> **Work instructions**
Print the records below exactly, from the line containing "在墓园的南侧,耸立着一尊从十" down to the line containing "4. 创意天鹅造型马桶刷 家用卫生间免打孔 硅胶刷头可拆洗清洁刷", both lines included, and omit every picture.

> **Data excerpts**
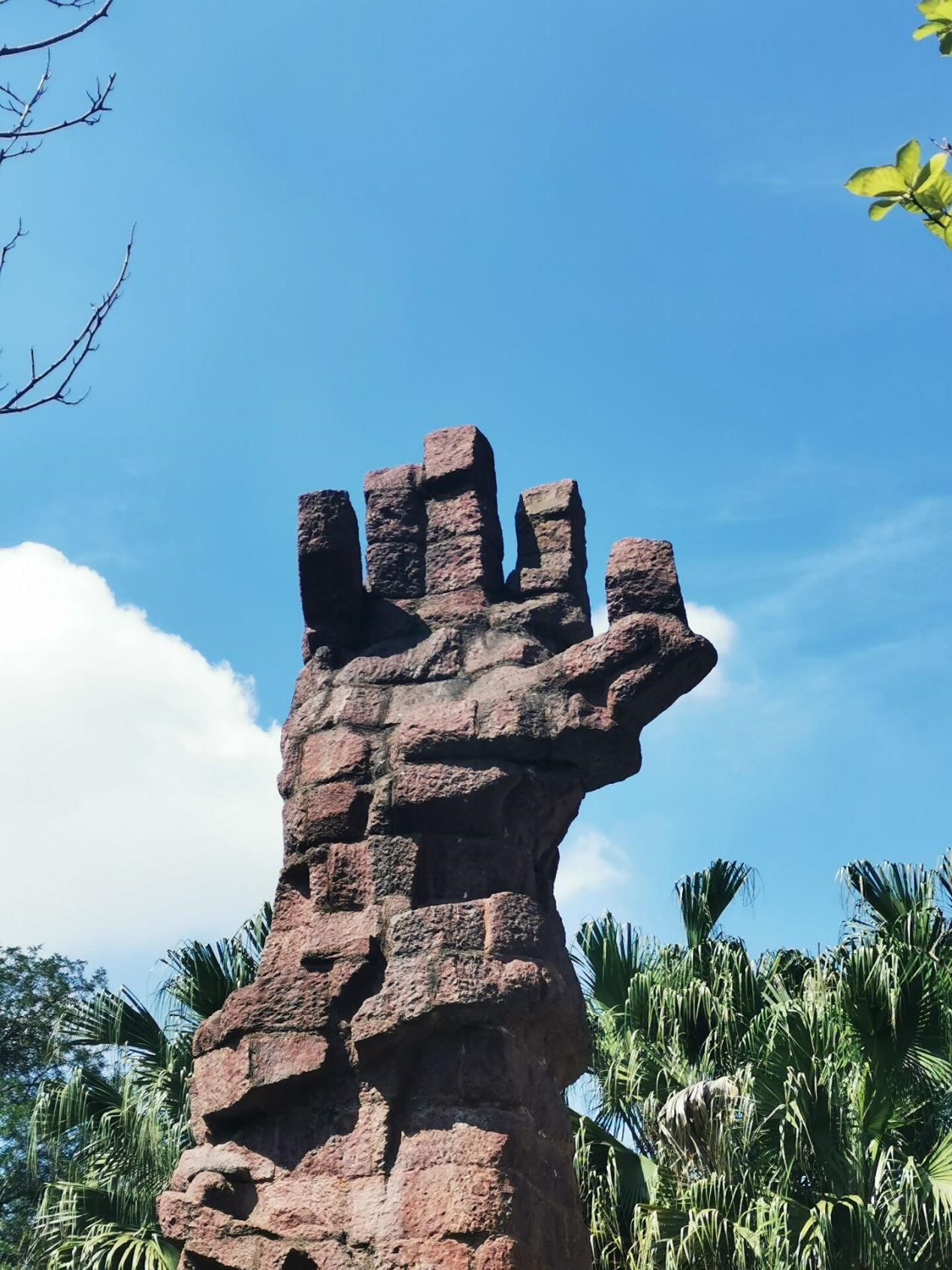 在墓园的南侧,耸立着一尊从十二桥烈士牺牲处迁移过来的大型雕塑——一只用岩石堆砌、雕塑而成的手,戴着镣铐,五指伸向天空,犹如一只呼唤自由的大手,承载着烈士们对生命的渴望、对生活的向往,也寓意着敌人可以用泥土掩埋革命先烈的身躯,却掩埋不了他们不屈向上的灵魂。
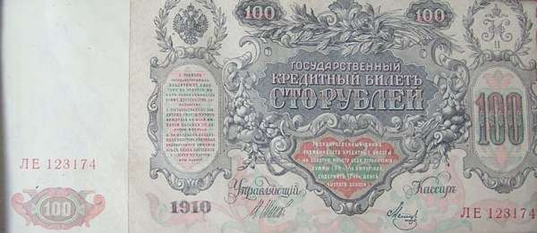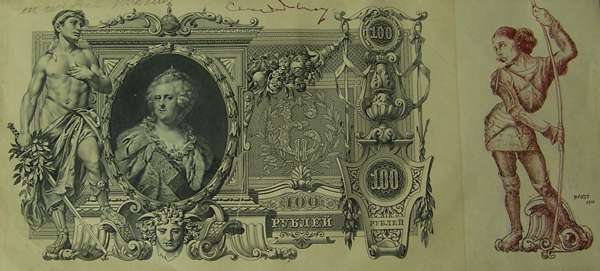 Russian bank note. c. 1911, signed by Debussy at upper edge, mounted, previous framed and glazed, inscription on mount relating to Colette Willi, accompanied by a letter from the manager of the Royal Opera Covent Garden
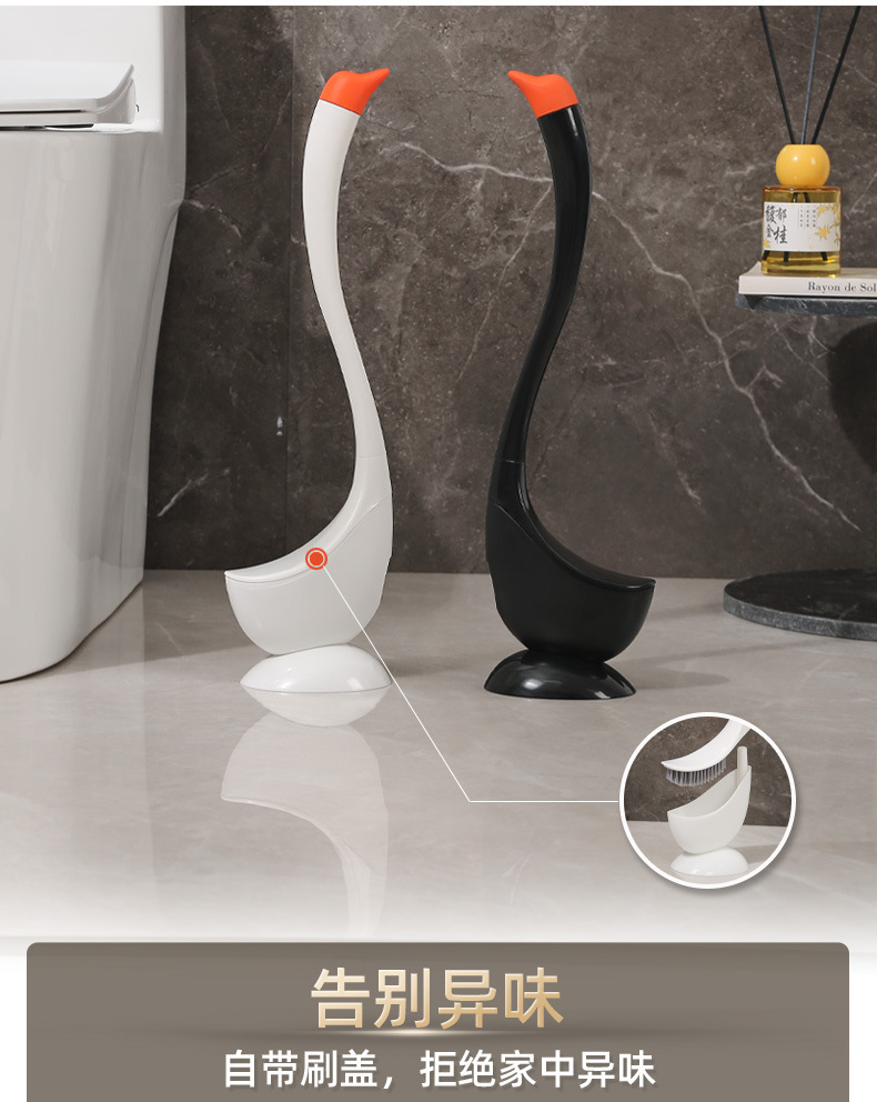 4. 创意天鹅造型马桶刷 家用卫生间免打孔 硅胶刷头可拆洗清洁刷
...
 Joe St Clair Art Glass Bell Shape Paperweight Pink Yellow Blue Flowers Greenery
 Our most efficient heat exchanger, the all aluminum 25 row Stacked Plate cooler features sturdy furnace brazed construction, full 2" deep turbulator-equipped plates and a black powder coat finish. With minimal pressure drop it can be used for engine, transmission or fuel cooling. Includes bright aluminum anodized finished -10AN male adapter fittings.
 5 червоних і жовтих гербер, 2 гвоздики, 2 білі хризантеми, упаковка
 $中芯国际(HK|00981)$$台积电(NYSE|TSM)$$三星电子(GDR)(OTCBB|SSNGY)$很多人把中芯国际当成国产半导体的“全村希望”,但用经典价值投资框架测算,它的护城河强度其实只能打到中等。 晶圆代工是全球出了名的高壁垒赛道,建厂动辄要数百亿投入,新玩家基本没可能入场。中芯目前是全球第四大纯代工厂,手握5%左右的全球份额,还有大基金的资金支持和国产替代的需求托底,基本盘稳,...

> **Result for this task**
 在墓园的南侧,耸立着一尊从十二桥烈士牺牲处迁移过来的大型雕塑——一只用岩石堆砌、雕塑而成的手,戴着镣铐,五指伸向天空,犹如一只呼唤自由的大手,承载着烈士们对生命的渴望、对生活的向往,也寓意着敌人可以用泥土掩埋革命先烈的身躯,却掩埋不了他们不屈向上的灵魂。
 Russian bank note. c. 1911, signed by Debussy at upper edge, mounted, previous framed and glazed, inscription on mount relating to Colette Willi, accompanied by a letter from the manager of the Royal Opera Covent Garden
 4. 创意天鹅造型马桶刷 家用卫生间免打孔 硅胶刷头可拆洗清洁刷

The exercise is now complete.